Warum Alvaro Bautista nicht überrascht ist
Titelverteidiger Alvaro Bautista wurde am Sonntag die Erfolge seines Ducati-Markenkollegen angesprochen. „Er war schnell, sein Stil passt gut zu dieser Strecke. Er ist groß und kann das Motorrad sehr leicht manövrieren“, begründet Bautista den Hattrick seines Ducati-Markenkollegen und verweist auf dessen gute Ergebnisse bei den zurückliegenden WSBK-Events in Magny-Cours und Portimao.

„Es ist nicht so, dass er es geradeso in die Punkte schaffte und jetzt gewann. Nein, er arbeitete die gesamte Saison über sehr gut“, lobt Bautista und freut sich über Petruccis Erfolg: „Er verdient es. Nach seiner schweren Verletzung zu Saisonbeginn arbeitete er sehr hart. Es ist ein wirklich sehr verdientes Ergebnis.“

Danilo Petrucci ist laut Iker Lecuona „ein wahrer Meister“
Auch Ex-MotoGP-Teamkollege Iker Lecuona (Honda) kommentierte den Erfolg der Startnummer 9: „Es war sein Wochenende. Er gewann alle drei Rennen, fuhr ein beeindruckendes Tempo und triumphierte beim Heimspiel.“

„Er gewann bei der Dakar, in der MotoGP und jetzt auch hier. Er ist ein wahrer Meister“, stellt Lecuona klar. Dabei harmonierte der Spanier in der Vergangenheit überhaupt nicht mit Petrucci. Zu Beginn der gemeinsamen Saison bei Tech-3-KTM gab es einige Spannungen.
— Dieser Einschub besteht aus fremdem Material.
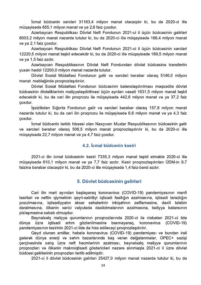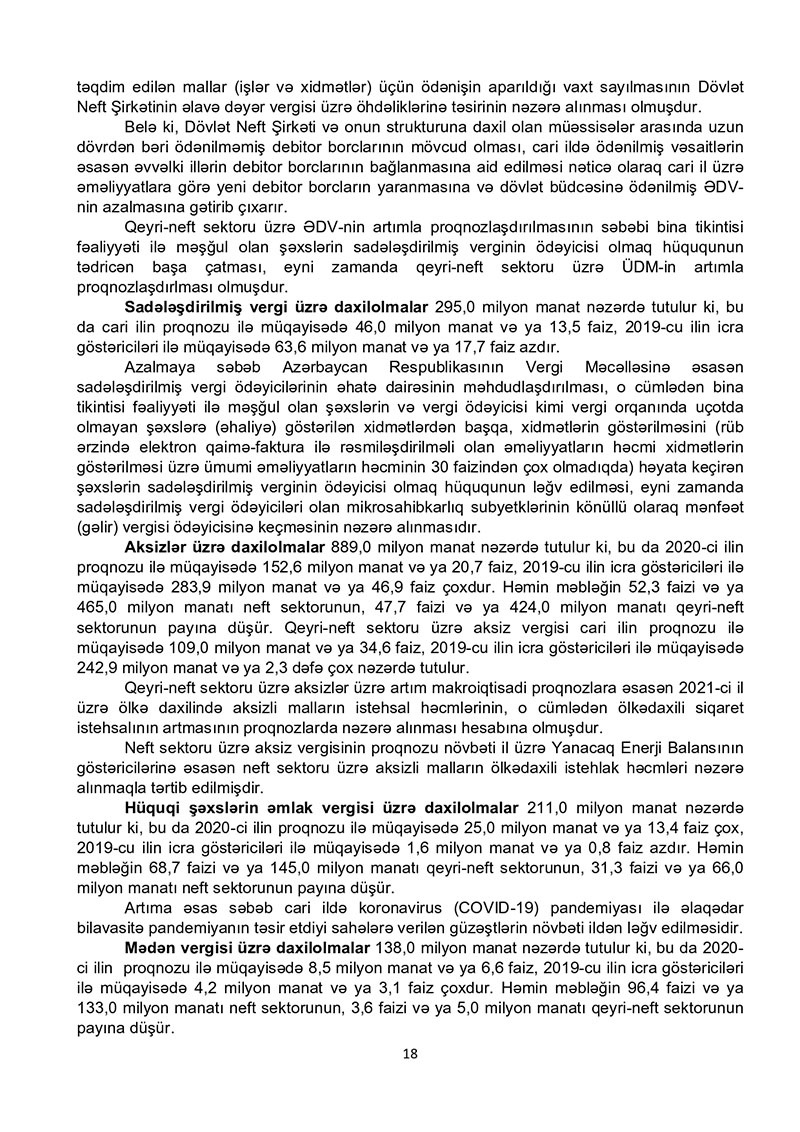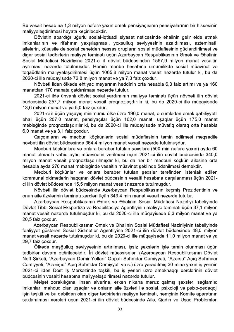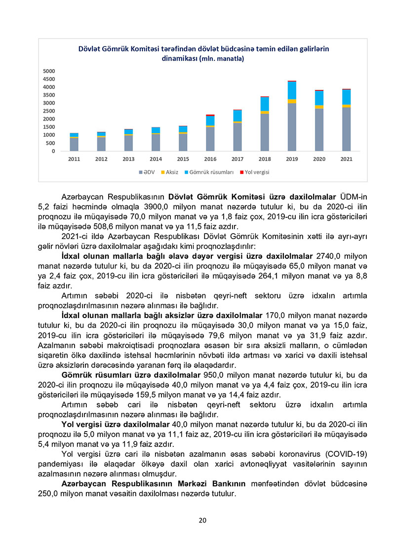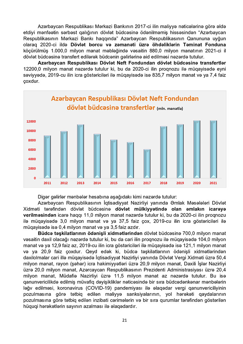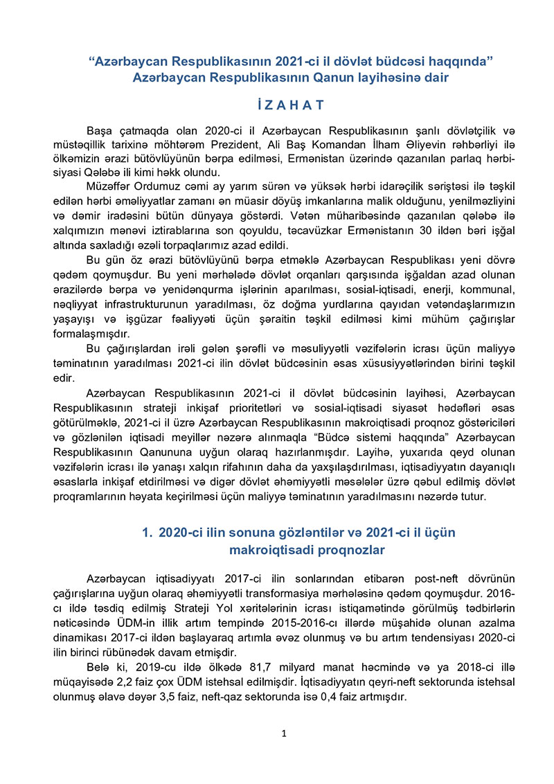 “Azərbaycan Respublikasının 2021-ci il dövlət büdcəsi haqqında” Azərbaycan Respublikasının Qanun 2021-ci il dövlət büdcəsi layihəsinə dair İZAHAT
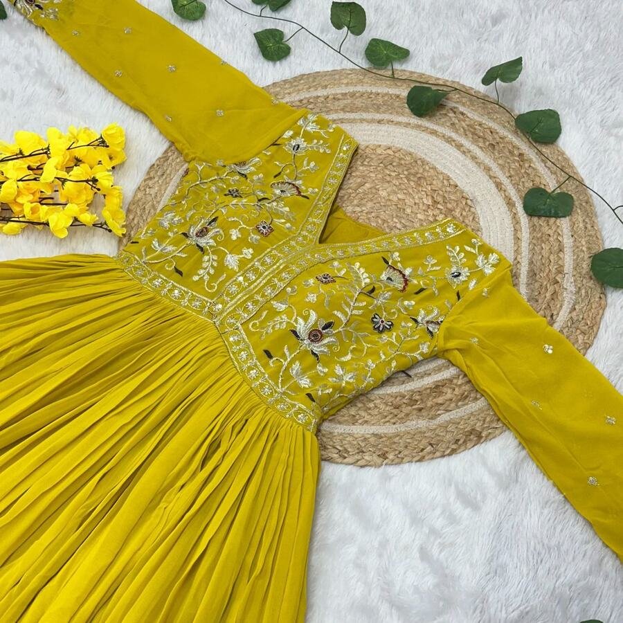 DESIGNER FAUX BLOOMING ZARI-SEQUENCE & EMBROIDERY WORK GOWN WITH DUPATTA YELLOW

„Mitte der MotoGP-Saison 2021 realisierten wir, dass KTM richtig schlimme Dinge mit uns macht. Wir sprachen miteinander und erkannten, dass wir uns nicht gegenseitig bekämpfen sollten. Von da an arbeiteten wir zusammen“, erinnert sich Lecuona.

„Ich erinnere mich, wie ich ihm in den USA im Qualifying Windschatten gab. Wir versuchten, uns gegenseitig zu helfen. Unser Verhältnis wurde viel besser und jetzt kommen wir sehr gut klar. Ich freue mich für ihn!“, so der spanische Honda-Werkspilot.